🤖 AI Summary
Current large language models often suffer from insufficient factual coverage and fragmented relations when constructing knowledge graphs due to direct extraction approaches. This work proposes a question-answering–driven semantic scaffolding mechanism that explicitly models contextual dependencies and implicit relationships prior to triple extraction by generating 5W1H-guided question-answer pairs, thereby structuring and unfolding document semantics in a principled manner.

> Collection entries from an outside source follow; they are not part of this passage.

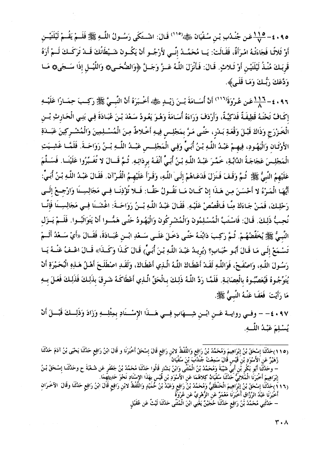 4097 - -/- وفي رواية عن ابن شهاب في هذا الإسناد بمثله وزاد وذلك قبل أن يسلم عبد الله.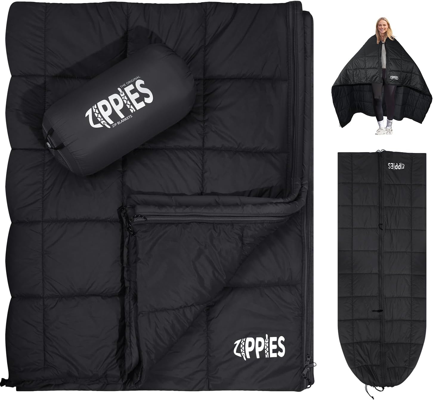 Your Warm, Lightweight, Packable, Versatile, and Cozy Companion for Camping and Backpacking.ZIPPIES innovative blanket redefines outdoor comfort, offering a multifunctional design that replaces wool blanket and serves as a lightweight yet warm alternative. Whether you need a cozy blanket, a versatile poncho, a snug quilt, a warm sleeping bag, or even a convenient pillow, our all-in-one blanket has you covered. With this single essential item, you’ll travel lighter, sleep sounder, and experience unparalleled convenience during your outdoor adventures. Say goodbye to carrying multiple items—ZIPPIES blanket is all you need!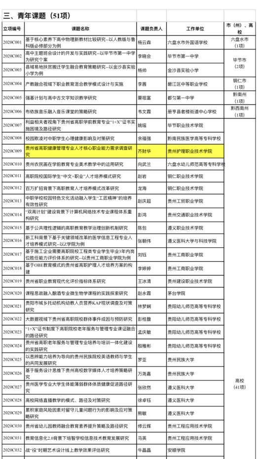 贵州省教育厅办公室日前公布了“2020年贵州省教育科学规划课题”立项名单。我院公共基础部李业明老师和基础医学部齐财华老师分别获得了教育科学规划重点课题和青年课题立项。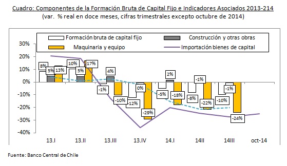 El siguiente cuadro sirve para ilustrar claramente como la Formación Bruta de Capital Fijo tras haberse expandido de manera sólida durante el primer semestre de 2013, ha sufrido una abrupta caída que no da señales de detenerse, especialmente en su componente Maquinaria y Equipos, el cual no tiene la conocida inercia de la Construcción.

By introducing question-answer pairs as an intermediate representation—a novel strategy to date—the method effectively mitigates the trade-off between coverage and connectivity. Evaluated on the MINE benchmark, the approach significantly improves fact retention and graph cohesion, maintaining high coherence even as the scale of the knowledge base expands substantially.
📝 Abstract
Constructing Knowledge Graphs (KGs) from unstructured text provides a structured framework for knowledge representation and reasoning, yet current LLM-based approaches struggle with a fundamental trade-off: factual coverage often leads to relational fragmentation, while premature consolidation causes information loss. To address this, we propose SocraticKG, an automated KG construction method that introduces question-answer pairs as a structured intermediate representation to systematically unfold document-level semantics prior to triple extraction. By employing 5W1H-guided QA expansion, SocraticKG captures contextual dependencies and implicit relational links typically lost in direct KG extraction pipelines, providing explicit grounding in the source document that helps mitigate implicit reasoning errors. Evaluation on the MINE benchmark demonstrates that our approach effectively addresses the coverage-connectivity trade-off, achieving superior factual retention while maintaining high structural cohesion even as extracted knowledge volume substantially expands. These results highlight that QA-mediated semantic scaffolding plays a critical role in structuring semantics prior to KG extraction, enabling more coherent and reliable graph construction in subsequent stages.